Content-Transfer-Encoding: 8bit
Archived-At: <https://mailarchive.ietf.org/arch/msg/tsvwg/9yvdeEOE6hluMOBLwWoJ1aQJ31g>
Subject: [tsvwg] Questions and comments on draft-ietf-tsvwg-ecn-l4s-id-06
X-BeenThere: tsvwg@ietf.org
X-Mailman-Version: 2.1.29
Precedence: list
List-Id: Transport Area Working Group <tsvwg.ietf.org>
List-Unsubscribe: <https://www.ietf.org/mailman/options/tsvwg>, <mailto:tsvwg-request@ietf.org?subject=unsubscribe>
List-Archive: <https://mailarchive.ietf.org/arch/browse/tsvwg/>
List-Post: <mailto:tsvwg@ietf.org>
List-Help: <mailto:tsvwg-request@ietf.org?subject=help>
List-Subscribe: <https://www.ietf.org/mailman/listinfo/tsvwg>, <mailto:tsvwg-request@ietf.org?subject=subscribe>
X-List-Received-Date: Sun, 24 Mar 2019 18:12:51 -0000

I have read and made a review of draft-ietf-tsvwg-ecn-l4s-id-06,
I hope this helps understand what is needed to complete this draft.

Gorry
(as an individual)

---

Questions:

Section 4.3
(1) “As with all transport behaviours, a detailed specification
will need to be defined for each type of transport or application”
- Does this require an RFC to do this? What type?

Section 4.3
(2) At the end of the para I expected to see a note about what if the 
traffic was not from a scalable congestion control. If rate-limited EF 
traffic is submitted to this queue it won’t be a scalable CC, but it 
could employ a shaper, or Circuit Breaker function that prevents it 
contributing to queueing. How is this going to be described? - I think 
the point i had is that such traffic may be responsive to ECN, but 
doesn’t need to scale when it is itself limited in what is permitted to 
be sent. Section 5.4.1.1.1. seems a hint to this. A.1.6 speaks of 
scaling to smaller cwnds, though, so how does this fit?

Section 5.1
(3) “but there is no implication that such a mechanism is necessary.”
- I agree with the statement personally, but I am not sure we have 
consensus on this point. If we do that would be fine, if we do not then 
this should additional be a topic to be considered in experimentation 
perhaps?

Section 5.1
(4) In this context, it is not clear what is meant by: “field as CE for 
an increasing proportion of packets,” - increasing with respect to what 
condition?

(5) “if
the most recent ECT packet in the same flow was ECT(0), the node MAY
classify CE packets for classic ECN [RFC3168] treatment. “
- What happens if this intentionally manipulated to try to disadvantage 
a flow? It seems like an off-path attack can introduce rogue attack 
packets that could influence this method. Please consider.

Section 5.4.1.1
(6) The text in 5.4.1.1. does not start by saying that this implies an 
additional queue, and at least for me, this is still a little hard to 
unravel. I expect it is heading in the correct direction, but it is not 
yet clear what the architecture looks like.

Section 5:
(7) I’ve been trying to see the place where the advice is to operations 
staff, rather than procurers/designers.

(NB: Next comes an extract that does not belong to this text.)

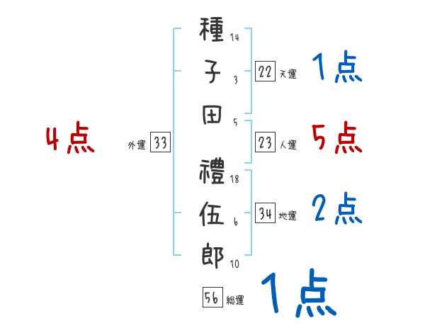 人運![]() | 種子田禮伍郎さんの人運は23画の5つ星!想像力に優れ活力がある。一代で成功し名誉を手に入れる。 性格や才能などを表す2番目に重要な運勢です。人間関係や協調性、社会的な成功に影響します。主に20歳から50歳ぐらいまでの中年期の運勢を表します。 |

It seems to me like that break 
is somewhere near 5.4 - am I correct? is there any chance we can place a 
section header that has a useful heading for someone looking for this?

Section 6:
(8) Section 6 describes experiments but doesn’t give any hint at when 
the IETF would have sufficient experience to know whether this 
experiment is confirmed. I am looking for what sort of things need 
experience?

(9) I wonder if appendices B, C need to be published. They suggest 
variations that the WG has not decided to take-up and it would be unwise 
to further promote these. If we keep these, I suggest we separately 
review these to check their tone correctly conveys the final status of 
the WG consensus.]

(10) I would like reassurance that we have consensus that the following 
two reactions are intentional and now forma part of experimentation. I’d 
like to suggest reaction to loss is not optional, and must be treated 
like it was a congestion loss. I therefore query this text in Appendix A:
“Current DCTCP implementations react differently to this situation.
At least one implementation reacts only to the drop signal (e.g. by
halving the CWND) and at least another DCTCP implementation reacts to
both signals (e.g. by halving the CWND due to the drop and also
further reducing the CWND based on the proportion of marked packet).
We believe that further experimentation is needed to understand what
is the best behaviour for the public Internet, which may or not be
one of these existing approaches.”

(11) In the same point it states: “Packet loss might (rarely) occur” _ 
i’d argue that packet loss can ALWAYS occur in the case of overload, and 
that this is an important case that needs to be considered to avoid 
congestion collapse. The text and my assertion appear to potentially 
conflict.
——

The rest are detialed comments on carefully reading the text (i.e., NiTs):

“and low delay is maintained during high load.”
- I understand, but would it be clearer to say what has a high level of 
load?

“The performance improvement is so
great that it is motivating initial deployment of the separate parts
of this system.”
- this seems like a boast. Could you turn it around into a fact. Such as 
: Initial deployment of the separate parts of the system has been 
motivated by the performance benefits…
- is there a reference?

Section 1.1 has the title “problem”, could this say “The Latency 
Problem”? - or something similar?

Is “ In the developed world,” acceptable as a phrase?

“Then Diffserv is of little use.” - could be quoted and misinterpreted, 
maybe better to say it can do little to reduce the latency?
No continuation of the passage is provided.